Single core (apples-to-apples, RAYON_NUM_THREADS=1):

docs vocab K topica R stm speedup
1,000 500 10 0.50s 3.03s 6.0×
2,000 2,000 10 1.44s 6.51s 4.5×
5,000 5,000 20 8.97s 26.3s 2.9×

So topica is roughly 3 to 6 times faster single-threaded and 10 to 23 times on all cores, and it produces the same fit (the content and prevalence models are validated against R stm). Reproduce:

python benchmarks/bench_stm.py                      # all cores
RAYON_NUM_THREADS=1 python benchmarks/bench_stm.py  # single core

What this is, and is not

Per-iteration fit time, not time to convergence (the two engines may need a different number of iterations to converge). One machine, synthetic corpora. R stm is single-threaded by design; the all-cores column is topica's automatic parallelism, which is the speed you actually get.

LDA: MALLET's algorithm without the JVM

topica's LDA is MALLET's SparseLDA collapsed-Gibbs sampler, reproduced bit-for-bit (it matches MALLET's train output exactly). Against R, JVM MALLET, and pure-Python gensim, that is a large speedup with no JVM startup.

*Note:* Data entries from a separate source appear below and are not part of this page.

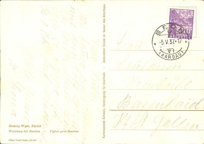 11378397 alte Postkarte Benken Woelflinswil Vignes Weinberg Kuenstlerkarte postalisch gelaufen gute Erhaltung KatCode: 11470010030304
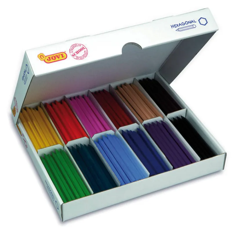 Caja económica de 300 ceras plásticas hexagonales. Contiene 12 colores diferente, 25 unidades por color.
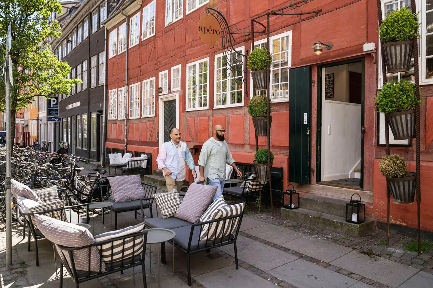Apéro, som man finder i Restaurant Gl. Mønts gamle lokaler, er en af byens få rigtige »voksenvinbarer«. Forstået på den måde, at man her må kigge langt efter skramlet interiør og studentervenlige priser. Her er intet tilfældigt, møblementet er signeret Finn Juhl, tjenerne er fuldblodssommelierer, og barkøkkenet er pimpet op med kaviar og trøfler.

Against tomotopy, a C++/SIMD library in the same performance tier, plain LDA is a wash, and which one wins depends on threading. 200 Gibbs iterations, fit time only.

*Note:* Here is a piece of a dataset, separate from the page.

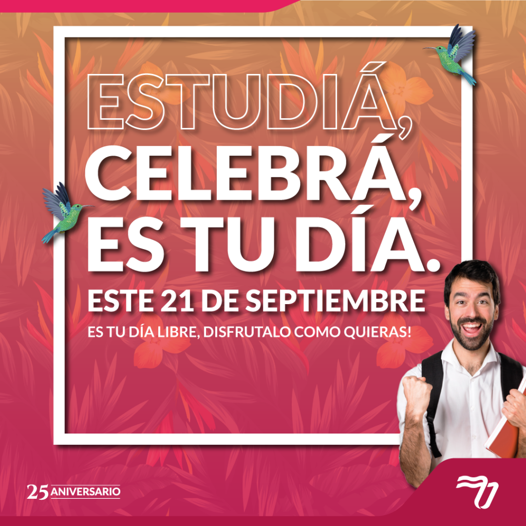 Informamos a la comunidad estudiantil de la Universidad de la Cuenca del Plata que el 21 de septiembre no se dictarán clases en ninguna sede de la Universidad con motivo de los festejos del Día del Estudiante, a fin de que los alumnos puedan disfrutar y celebrar su día.
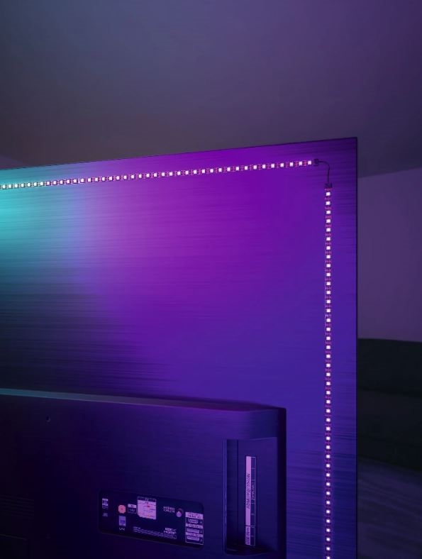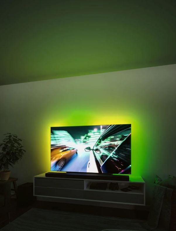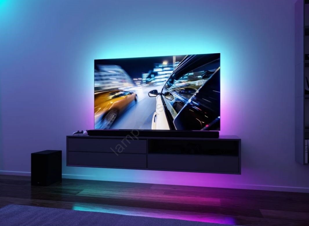 • Nodrošina apgaismojumu no trim pusēm aiz televizora.

Single core (exact, num_threads=1 / workers=1): tomotopy's tighter inner loop is about 20% ahead.

docs vocab K topica tomotopy
2,000 1,000 20 1.84s 1.59s
5,000 2,000 50 6.58s 5.37s
10,000 3,000 50 14.2s 11.3s

All cores (both use approximate parallel Gibbs): topica's document-partitioned parallelism scales better at these sizes, so it pulls even or slightly ahead.

docs vocab K topica tomotopy
2,000 1,000 20 0.49s 0.73s
5,000 2,000 50 1.54s 1.82s
10,000 3,000 50 2.83s 2.73s

We report this straight: for plain LDA the two are interchangeable on speed. topica's advantage is the STM, covariate-effect, and diagnostics stack built around the sampler, not raw LDA throughput.

keyATM vs R keyATM

topica's keyATM reproduces the R package's keyword-assisted model and is validated against it: the same keyword topics, the same per-sweep asymmetric-α estimation, the same model_fit log-likelihood. On speed it matches R's C++ sampler single-threaded and adds a document-partitioned parallel sweep that R has no equivalent of. Same keywords, same number of Gibbs sweeps, α learned each sweep on both sides; fit time only.

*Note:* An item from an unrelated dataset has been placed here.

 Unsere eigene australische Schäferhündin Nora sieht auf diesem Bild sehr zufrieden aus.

docs vocab K sweeps topica (1 core) topica (4 cores) R keyATM
2,000 2,632 10 1,000 25.9s 12.1s 24.5s

So topica is at parity with R single-threaded and about 2× faster on four cores. If you do not need the R-matching asymmetric prior, estimate_alpha=False fixes a symmetric α and skips the per-sweep slice sampler for a further 15 to 20% (more at larger K). This row, with the STM and LDA comparisons above, is reproducible in one command:

python benchmarks/speed_vs_r.py

Large-K sampling: SparseLDA vs LightLDA

LightLDA's O(1)-per-token alias sampler is built for very large K. At the corpus sizes typical of social science, SparseLDA stays faster, because its buckets remain sparse; LightLDA's flatter scaling in K only pulls ahead past roughly K ≈ 1,000. Use the default sampler="sparse" unless you have a specific large-K reason.

Coherence

c_v and the other windowed coherence measures are computed in the Rust core, counting only the word pairs within a topic's top-N rather than a full vocabulary-by-vocabulary matrix. A 500-topic c_v that took minutes in a pure-Python loop now takes a fraction of a second, which is what makes coherence practical for model selection at large K.